UNA LEZIONE DI CINEMA, DI STORIA, DI VITA
Ricordando FLORESTANO VANCINI
Quando sentii la notizia in
TV, mi sembrò che non potesse essere vero, mi faceva male. Immediatamente mi
riportava indietro, a meno di un anno fa, a quella seconda e ultima volta in cui
lo rividi, quando volevo andare a salutarlo e non lo feci. Rimandavo ad ancora
un’altra volta, un’altra occasione. Sapevo dei suoi recenti problemi di salute,
certo, fisicamente il suo essere affaticato traspariva, ma ritrovavo inalterati
tutti quei tratti che nella mia breve esperienza di sua allieva, in un corso di
sceneggiatura di molti anni fa, avevo imparato a conoscere. La riservatezza
nell’apertura, il rispetto, il saper ascoltare, l’estrema lucidità di un
ragionamento e di un narrare. La lunga notte del ‘43, era il film (
insieme agli altri di Maselli, Cavani, Allocca e Magni ), che si proiettava in
quella serata al Teatro Vittoria, dedicata a “Resistenza e partecipazione
popolare” (curata dall’ANPI per la rassegna “Cinema, storia e…vizi, sogni virtù
dell’Italia repubblicana”). Nell’incontro col pubblico, sul palco insieme a
Magni (Nemici d’infanzia, 1995), moderatore Gianni Bisiach, Vancini
ripercorse la travagliata ma anche fortunata genesi di questo suo primo
lungometraggio sul fascismo di Salò, in cui per la prima volta, in
controtendenza, il conflitto bellico veniva interpretato anche come guerra
civile, togliendo i fascisti dal ruolo secondario in cui il cinema del periodo
li mostrava. Un racconto appassionato in cui tra luoghi, del ferrarese come di
Roma, fatti e personali esperienze prendeva corpo e vita un’epoca.

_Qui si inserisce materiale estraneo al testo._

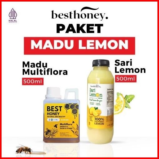 Best Honey Paket Bundling Diet Alami Sari Lemon 500ml Madu Multiflora 500gr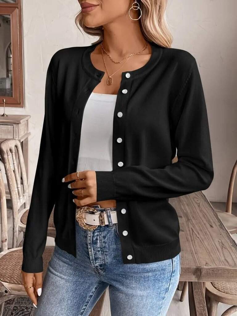Kadın Uzun Kollu önden Düğmeli Triko Ceket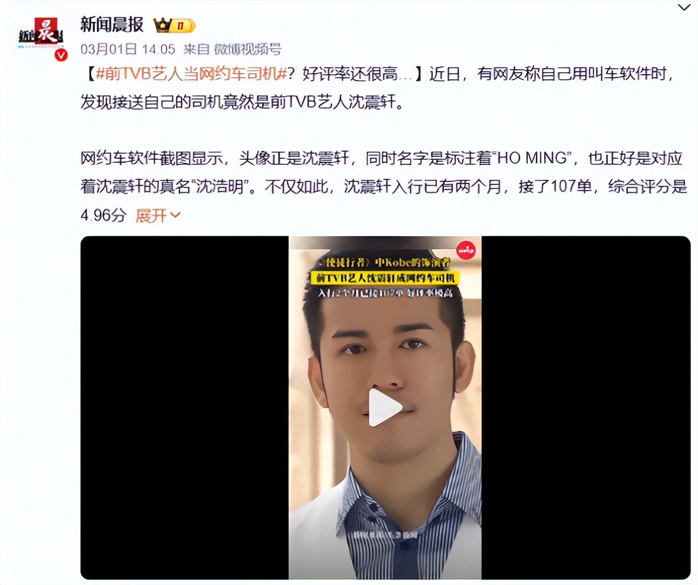 沈震轩,就是那个演过《使徒行者》,让大陆观众记住的TVB演员,最近被发现居然在开网约车。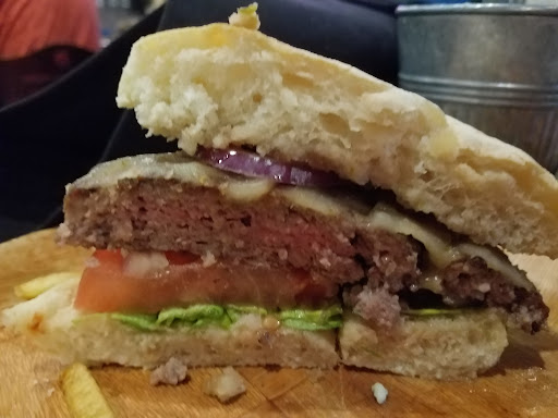 My food was pretty decent, the burger was big, as advertise and the fries were drenched in garlic oil.. I'd say the burger was a little dry though, kinda hard not to be when it's that big. I also got some honey rings because I split the burger with my partner, the onion rings were excellent. The homemade ranch that came with was fantastic.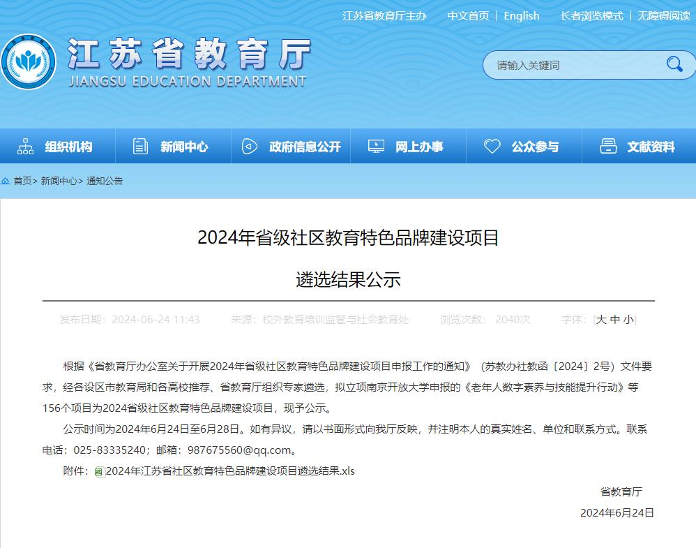 近日,江苏省教育厅公示2024省级社区教育特色品牌建设项目遴选结果。洪爷
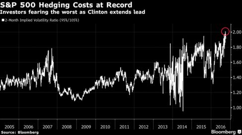 Even with Hillary Clinton taking her biggest lead in the polls since August versus Republican Donald Trump, the relative cost of hedging a 5 percent decline in an exchange-traded fund tracking the S&P 500 is twice the cost of betting on a gain, according to data compiled by Bloomberg. High readings in the indicator known as skew came even as the CBOE Volatility Index spent the previous three weeks trading below 14, on average.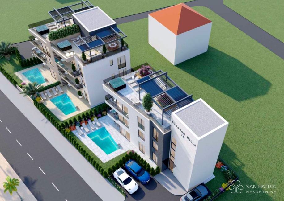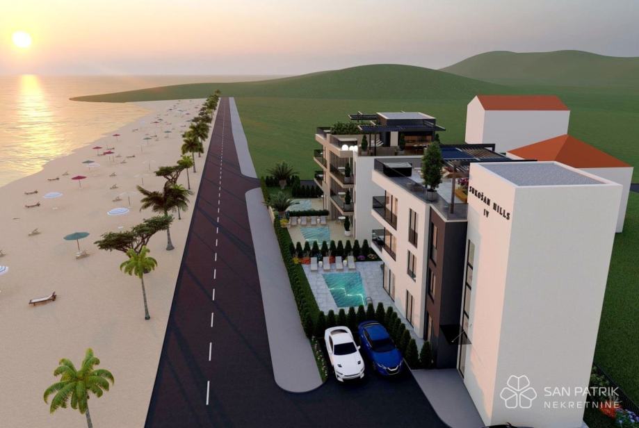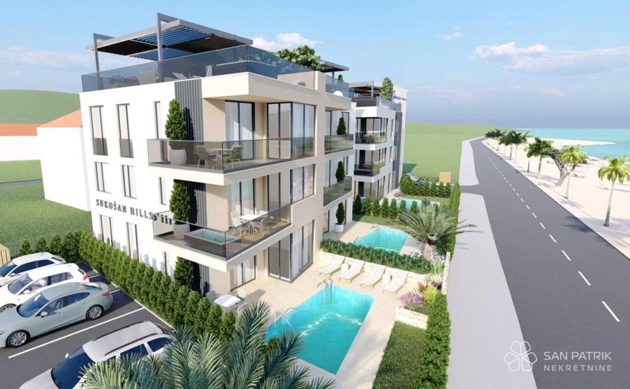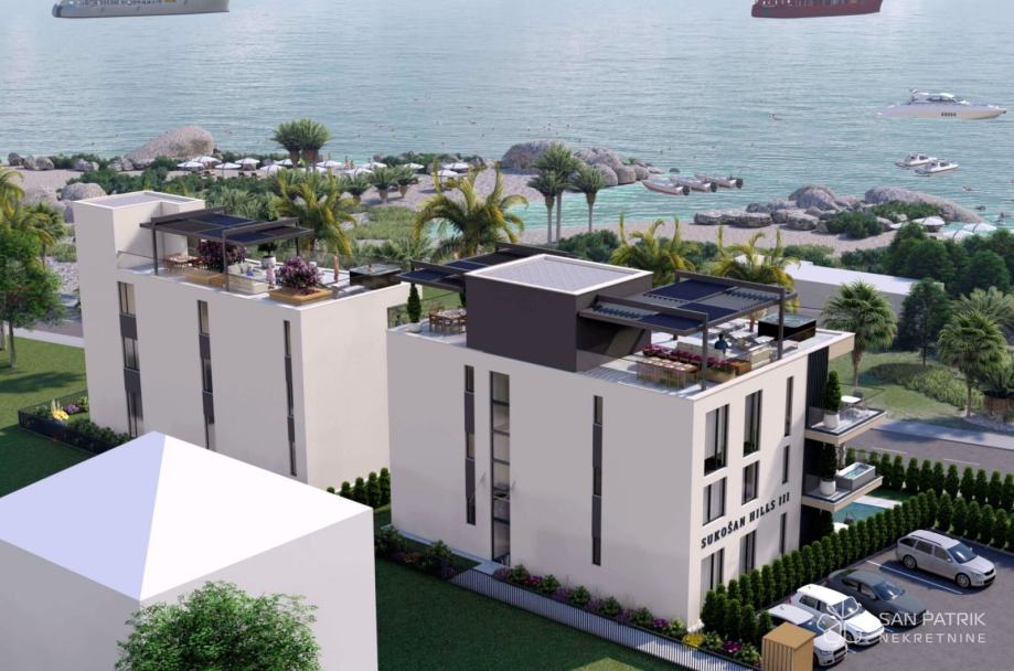 Predstavljamo novi moderan projekt u Sukošanu – vašu oazu mira i udobnosti na prekrasnoj obali Jadranskog mora. Ovaj luksuzni kompleks sastoji se od tri stambene zgrade smještene na atraktivnoj lokaciji, prvi red do mora, svega 10 metara od prekrasne plaže i kristalno čistog mora. Stanovi u ovom kompleksu su spoj elegantnog dizajna, spektakularnih pogleda i vrhunskih sadržaja.

Dalle
traversie legate alla produzione (la ricerca del secondo produttore dopo il
dissenso con Lombardi; far accettare il bonario Peppone-Gino Cervi nel ruolo
dell’inviso gerarca emergente; far preferire il giovane Enrico Maria Salerno ad
un nome di fama, ecc.), fino alla sensazione del crollo dell’intero progetto,
quando la commissione interna alla BNL (caso assai raro), rifiutò di finanziare
il film per mancanza dei cinque requisiti minimi richiesti. E’ anche uno dei
momenti più critici del dopoguerra, il governo Tambroni, gli scontri nelle
piazze, i nuovi equilibri politici. La sua casa di produzione comunque continua
ad appoggiarlo, finché il 18.2.1960 (l’unica data d’inizio dei suoi film che
Vancini ricordava sempre!) si batterà il primo ciak.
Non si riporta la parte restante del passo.